Increases processing speed while reducing energy consumption

For decades, computer chips have increased efficiency by using “caches,” small, local memory banks that store frequently used data and cut down on time- and energy-consuming communication with off-chip memory.

Today’s chips generally have three or even four different levels of cache, each of which is more capacious but slower than the last. The sizes of the caches represent a compromise between the needs of different kinds of programs, but it’s rare that they’re exactly suited to any one program.

Researchers at MIT’s Computer Science and Artificial Intelligence Laboratory have designed a system that reallocates cache access on the fly, to create new “cache hierarchies” tailored to the needs of particular programs.

The researchers tested their system on a simulation of a chip with 36 cores, or processing units. They found that, compared to its best-performing predecessors, the system increased processing speed by 20 to 30 percent while reducing energy consumption by 30 to 85 percent.

“What you would like is to take these distributed physical memory resources and build application-specific hierarchies that maximize the performance for your particular application,” says Daniel Sanchez, an assistant professor in the Department of Electrical Engineering and Computer Science (EECS), whose group developed the new system.

“And that depends on many things in the application.
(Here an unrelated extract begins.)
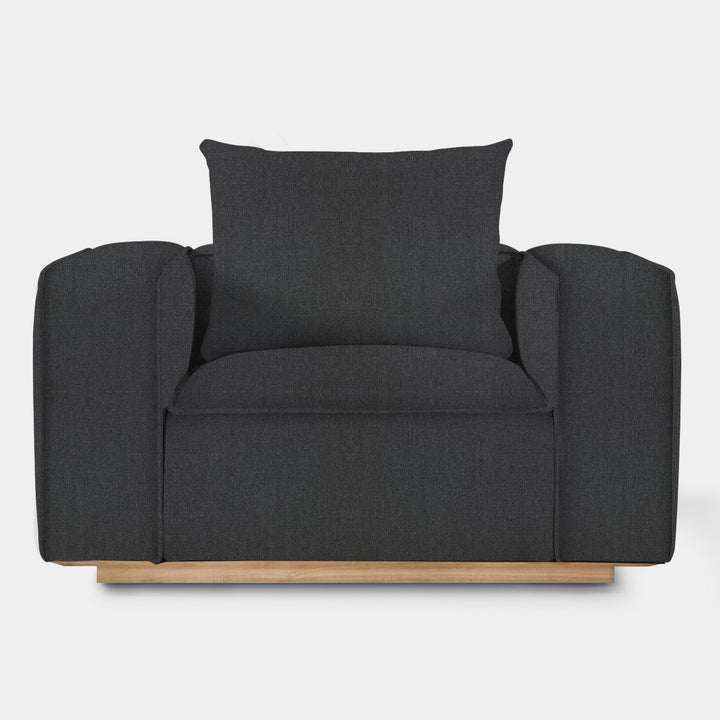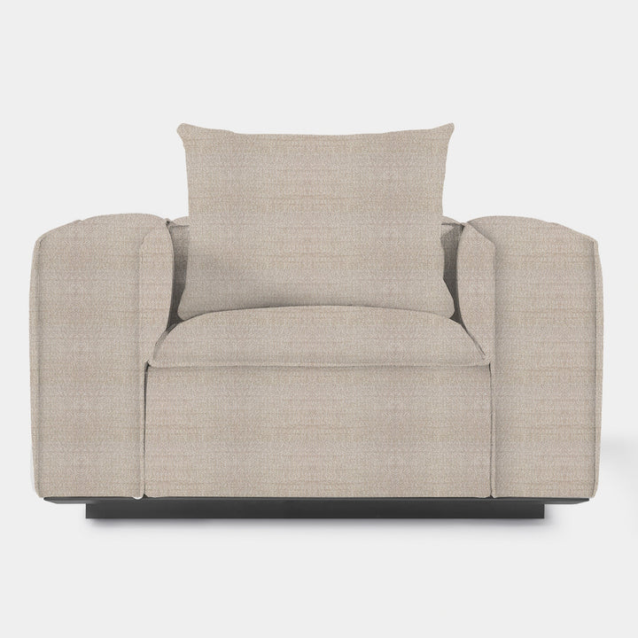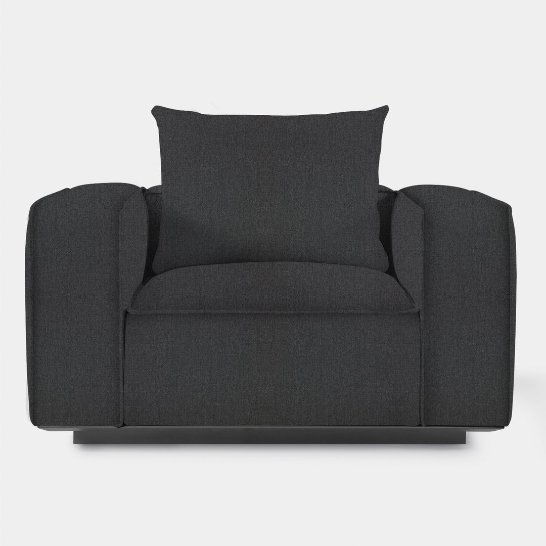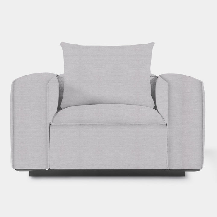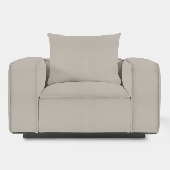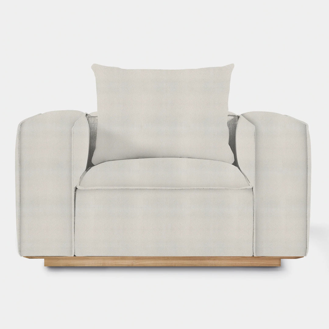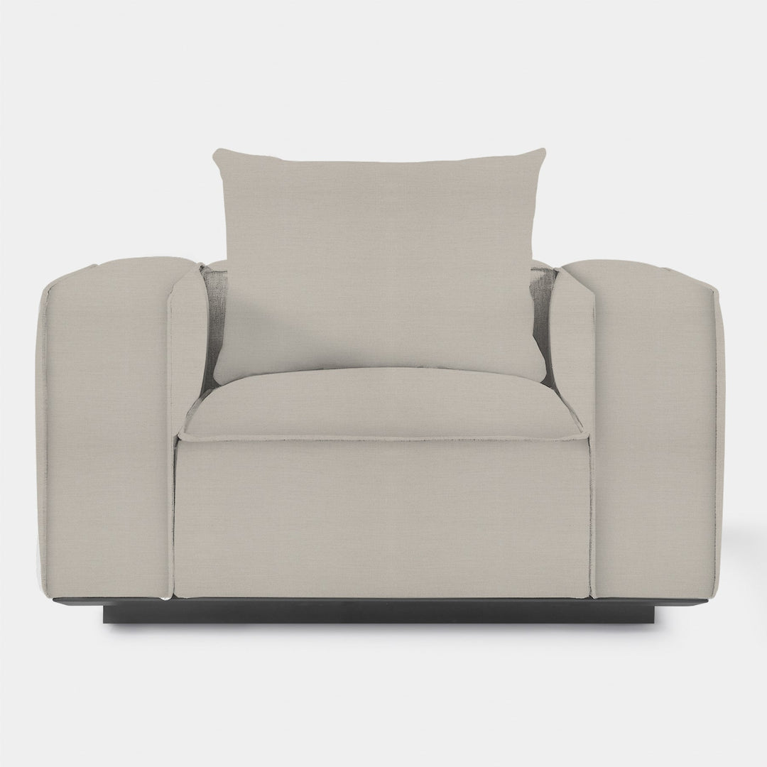 Building on our years of experience in outdoor design, the popular fully upholstered Santorini collection offers versatility in modular seating. Our smaller sofa, the Santorini collection is pure comfort — sink into an extra generous tight seat cushion with an all-weather suspension system and accent pillows, all floating on a plinth base in a choice of aluminum or teak. This easygoing modular component can be configured to fit an existing smaller space — and is always adaptable to the next space.

What’s the size of the data it accesses? Does it have hierarchical reuse, so that it would benefit from a hierarchy of progressively larger memories? Or is it scanning through a data structure, so we’d be better off having a single but very large level? How often does it access data? How much would its performance suffer if we just let data drop to main memory? There are all these different tradeoffs.”

Sanchez and his coauthors — Po-An Tsai, a graduate student in EECS at MIT, and Nathan Beckmann, who was an MIT graduate student when the work was done and is now an assistant professor of computer science at Carnegie Mellon University — presented the new system, dubbed Jenga, at the International Symposium on Computer Architecture last week.

Staying local

For the past 10 years or so, improvements in computer chips’ processing power have come from the addition of more cores. The chips in most of today’s desktop computers have four cores, but several major chipmakers have announced plans to move to six cores in the next year or so, and 16-core processors are not uncommon in high-end servers. Most industry watchers assume that the core count will continue to climb.

Each core in a multicore chip usually has two levels of private cache. All the cores share a third cache, which is actually broken up into discrete memory banks scattered around the chip. Some new chips also include a so-called DRAM cache, which is etched into a second chip that is mounted on top of the first.